Hom objects are τ-objects with tower-coherent staging; the Yoneda embedding is fully faithful and bipolar-preserving.

Overview

In most categories, morphism spaces are external – they live in the ambient category Set, not in the category under study. Category $\tau$ is different: its morphism spaces are themselves $\tau$-objects. The framework enriches over itself. This is not assumed – it is proved as a theorem (II.D53), building on the Mutual Determination results and the holomorphic machinery earned in earlier parts. Self-enrichment is the mathematical precondition for the enrichment ladder that structures the entire seven-book series.

The Core Idea

For any two objects $A,B\in \text{Obj}\left(\tau \right)$, the morphism space $\text{Hom}(A,B)$ is itself a $\tau$-object (II.D53). It has an NF-address, split-complex values, and tower-coherent staging inherited from the primorial tower: ${[A,B]}_k=\text{Hom}(A_k,B_k)$. Each Hom object inherits the bipolar decomposition: $[A,B]=e_{+}\cdot {[A,B]}_{+}+e_{-}\cdot {[A,B]}_{-}$.

The Yoneda Embedding Theorem (II.T36) is then proved – not assumed. The embedding $\tau \hookrightarrow [{\tau }^{\text{op}},\tau ]$ is fully faithful and bipolar-preserving. The proof uses probe naturality: the same condition that forced continuity in earlier parts now forces the Yoneda embedding. This is the deep reason holomorphy is primitive in $\tau$.

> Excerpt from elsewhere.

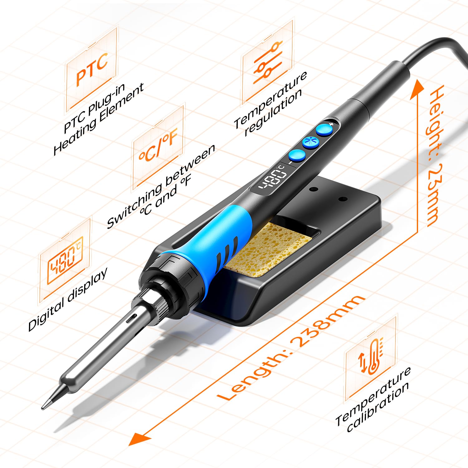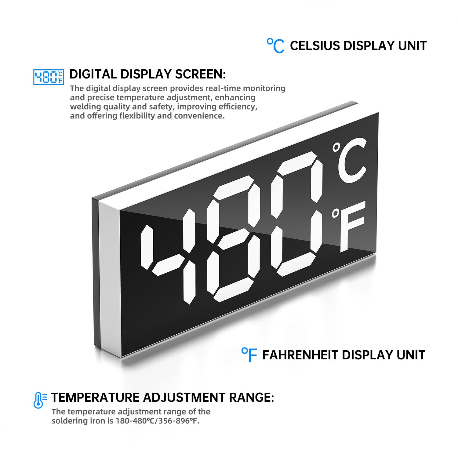 【Technical innovation】The soldering iron is upgraded to 90W high power, which can make the iron warm up quickly; this iron can adjust the temperature accurately, the temperature can be set flexibly to 180℃-480℃

Enrichment layers then iterate: $\tau \to [\tau ,\tau ]\to \left[\right[\tau ,\tau ],[\tau ,\tau \left]\right]$. Two-morphisms arise from $\text{Hom}\left(\text{Hom}\right(A,B),\text{Hom}(C,D\left)\right)$. The split-complex structure propagates to all higher layers. This is the beginning of the enrichment ladder $E_0\to E_1\to E_2\to E_3$ that structures the entire series architecture. The self-describing property (II.D54) – $\tau$ describes its own morphisms – is the precondition for the framework to eventually describe its own physics.

Why This Matters

Self-enrichment is the bridge from pure mathematics to everything else. In the series architecture, $E_0$ is the mathematical layer (Books I-III), $E_1$ is physics (Books IV-V), $E_2$ is life (Book VI), and $E_3$ is metaphysics (Book VII). The transition from one layer to the next is powered by self-enrichment: each layer can describe the next because it can describe its own morphism spaces.

Key Claims

1. II.D53 – Self-enrichment: Hom objects are $\tau$-objects with tower-coherent staging (established, machine-checked in TauLib)
2. II.T36 – Yoneda Embedding: fully faithful and bipolar-preserving, proved as theorem (established, machine-checked)
3. II.T43 – Enrichment iteration produces higher morphism spaces (established, machine-checked)
4. II.D54 – Self-description: $\tau$ describes its own morphisms internally (established, machine-checked)